Есть, однако, ученые, которых Шкловский всегда цитирует не только с уважением, но и с восторгом. «Воскрешение слова» и «Искусство как прием» упоминают друзей его юности – лингвистов Евгения Поливанова и Льва Якубинского. Вместе они составили костяк того, что стало ОПОЯЗом. Их портреты можно найти в автобиографической прозе Шкловского; пару штрихов стоит привести здесь, чтобы имена в эссе обросли плотью. Поливанов мальчиком лишился руки: по рассказу Шкловского, на спор положил руку под поезд, решив перещеголять Колю Красоткина из «Братьев Карамазовых». (Остается радоваться, что вдохновился он не «Анной Карениной»…) Существуют и другие – менее литературно-романтические – объяснения однорукости Поливанова. Многие источники утверждают, что специалист по китайскому, корейскому и японскому в той или иной степени владел восемнадцатью языками. Шкловский рассказывает, что Поливанов ел (sic!) опиум и защищал докторскую диссертацию в нижнем белье, и называет его гением.[11] О Якубинском Шкловский пишет: «Лучший год моей жизни – это тот, когда я изо дня в день говорил по часу, по два по телефону со Львом Якубинским. У телефонов мы поставили столики».[12] Множество идей Шкловского родилось из записей, сделанных во время этих разговоров. В «Воскрешении слова» Шкловский впервые говорит об омертвлении и обновлении в литературе. Через пару лет любовь к футуризму, несогласие с идеей экономии в литературном языке и пассаж из дневника Толстого скрестятся – и родят остранение. Само это скрещение – пример других любимых идей Шкловского: «сопряжения далековатых идей» и общего генофонда многих литературных родителей. Что же такое остранение? Процитировав дневник Толстого, где тот пишет о бессознательном существовании, Шкловский говорит:
Если целая сложная жизнь многих проходит бессознательно, то эта жизнь как бы не была.

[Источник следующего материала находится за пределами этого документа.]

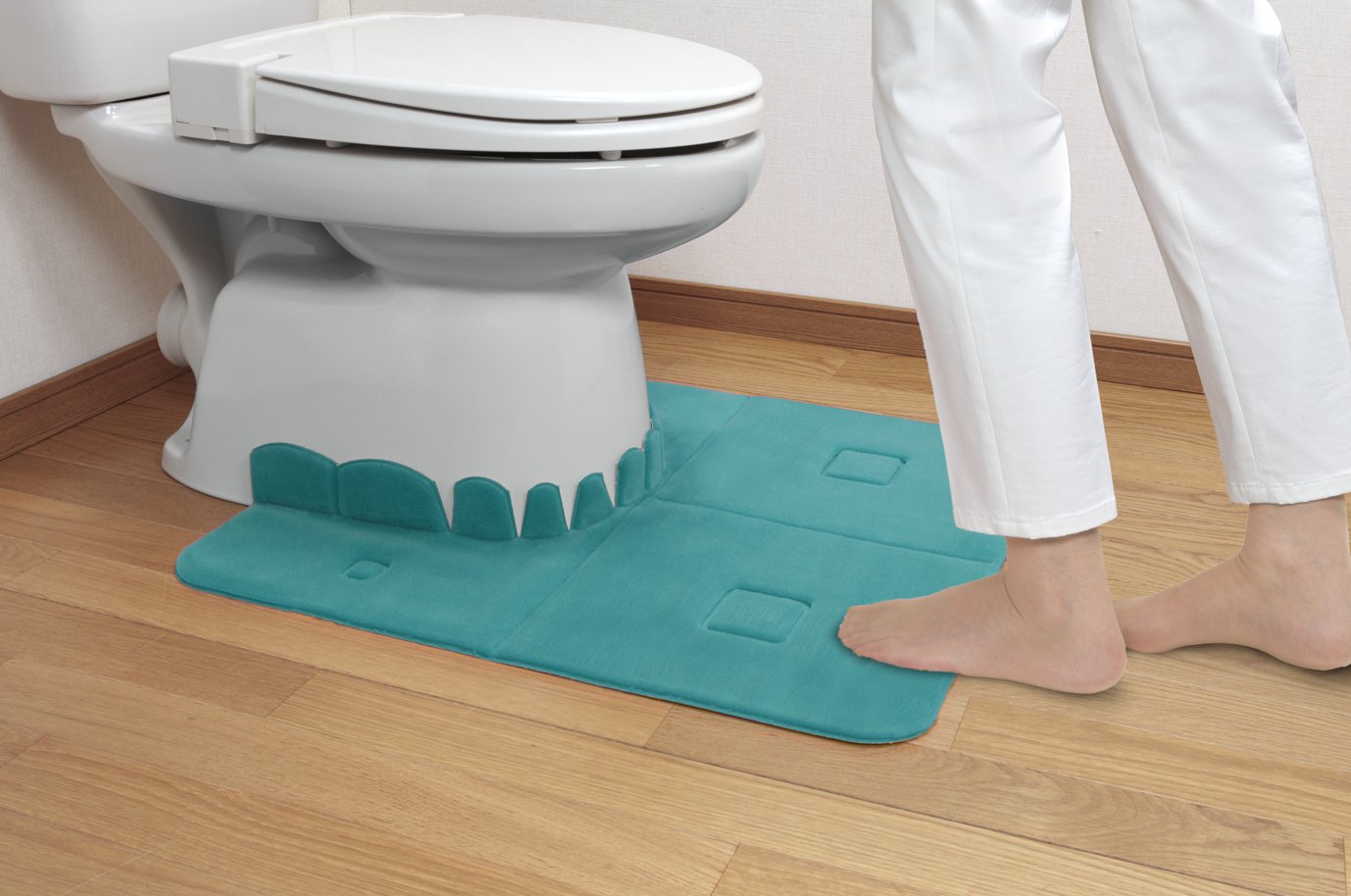 Adjust the rising part of the mat to the feet of the toilet bowl and press the mat with the hand so that no gap is formed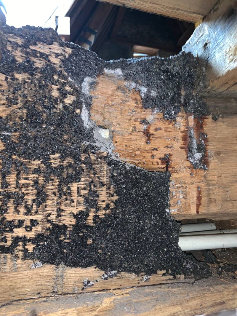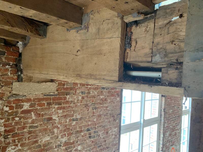 in de eerste reeks foto's zie je een moerbalk die als correct en gezond werd aanzien en dit na een grondig vooronderzoek en bovendien was het onderzoek slechts enkele dagen voor de instorting uitgevoerd.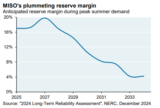 MISO continues to see its reserve margin dwindle as its margin for error sits at just four percent. The JPMC report notes MISO’s warnings of “serious challenges to grid reliability due to increased exposure to wind/solar intermittency, having averted a capacity shortfall in 2023 only due to postponement of planned thermal capacity retirements.”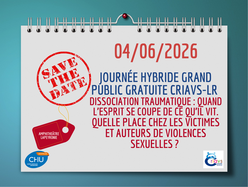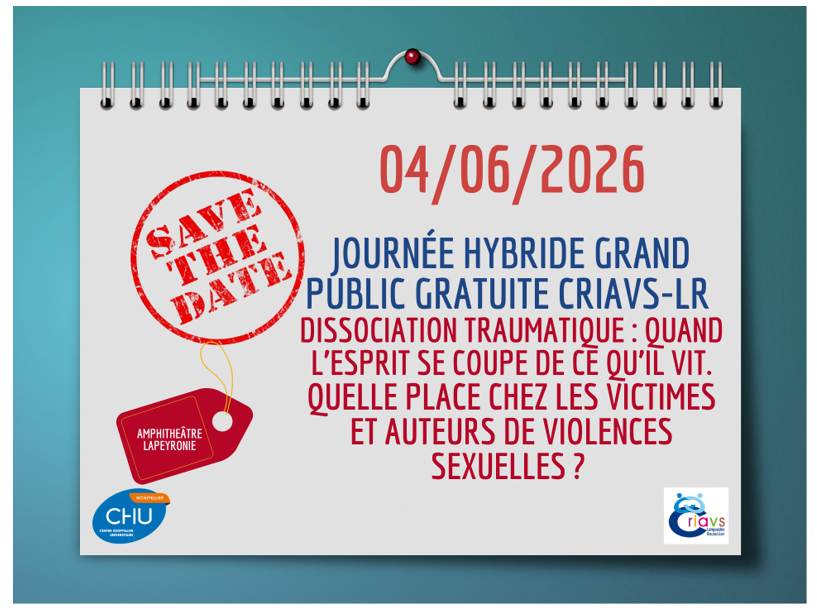 Save the date : Journée hybride gratuite grand public "Dissociation traumatique : quand l’esprit se coupe de ce qu’il vit. Quelle place chez les victimes et auteurs de violences sexuelles ?"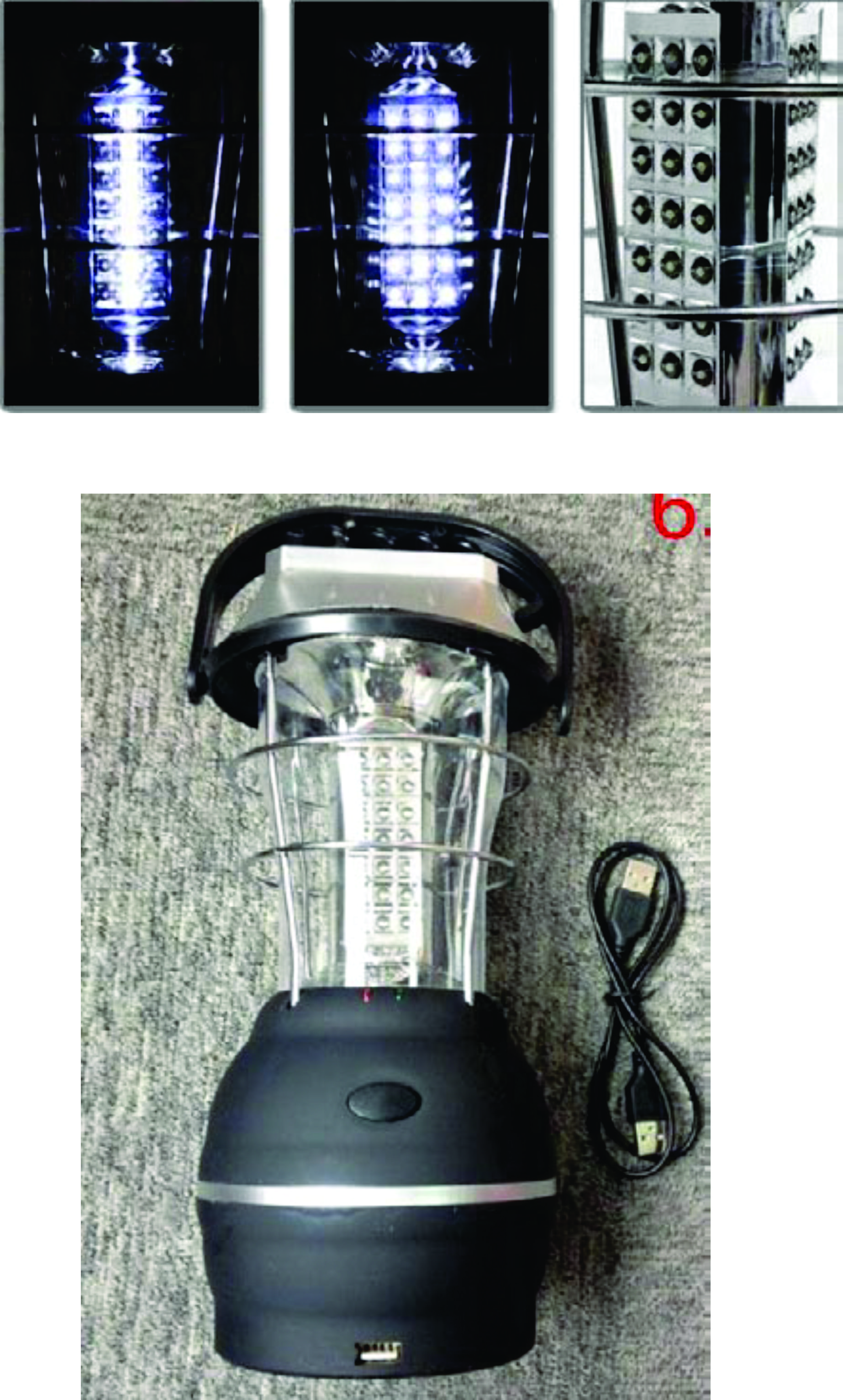 Dos opciones de encendido: 21 leds o 63 leds. Múltiple opción de recarga: Panel solar 0,6 W, 220 V, Puerto USB, a Dinamo o con 3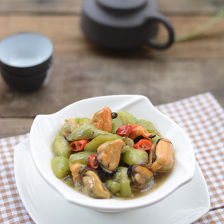 原料:丝瓜、海虹、生姜、大蒜、辣椒、调和油、盐巴、鸡精、料酒、生抽。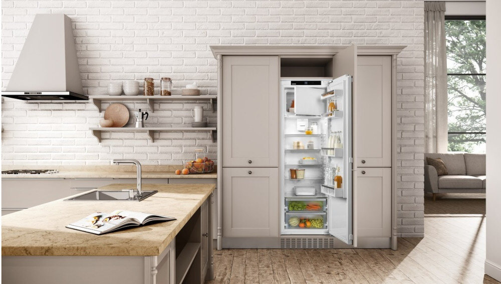 Zapach niektórych produktów spożywczych może być niekiedy odbierany jako niezbyt przyjemny. Dla lodówki LIEBHERR to jednak nie problem: dzięki filtrowi z węglem aktywowanym FreshAir we wnętrzu zawsze panuje świeże powietrze. Filtr znajduje się bezpośrednio na drodze strumienia powietrza w obudowie wentylatora i w ten sposób neutralizuje w znacznym stopniu zapachy. Wskaźnik przypomina o wymianie filtra.

И вот для того, чтобы вернуть ощущение жизни, почувствовать вещи, для того, чтобы делать камень каменным, существует то, что называется искусством. Целью искусства является дать ощущение вещи как видение, а не как узнавание; приемом искусства является прием «остранения» вещей и прием затрудненной формы, увеличивающий трудность и долготу восприятия, так как воспринимательный процесс в искусстве самоцелен и должен быть продлен; искусство есть способ пережить деланье вещи, а сделанное в искусстве не важно.
Остранение – неологизм со счастливой (странно само слово), но случайной ошибкой. Через 67 лет, в «О теории прозы», Шкловский напишет:
И я тогда создал термин «остранение»; и так как уже могу сегодня признаваться в том, что делал грамматические ошибки, то я написал одно «н». Надо «странный» было написать.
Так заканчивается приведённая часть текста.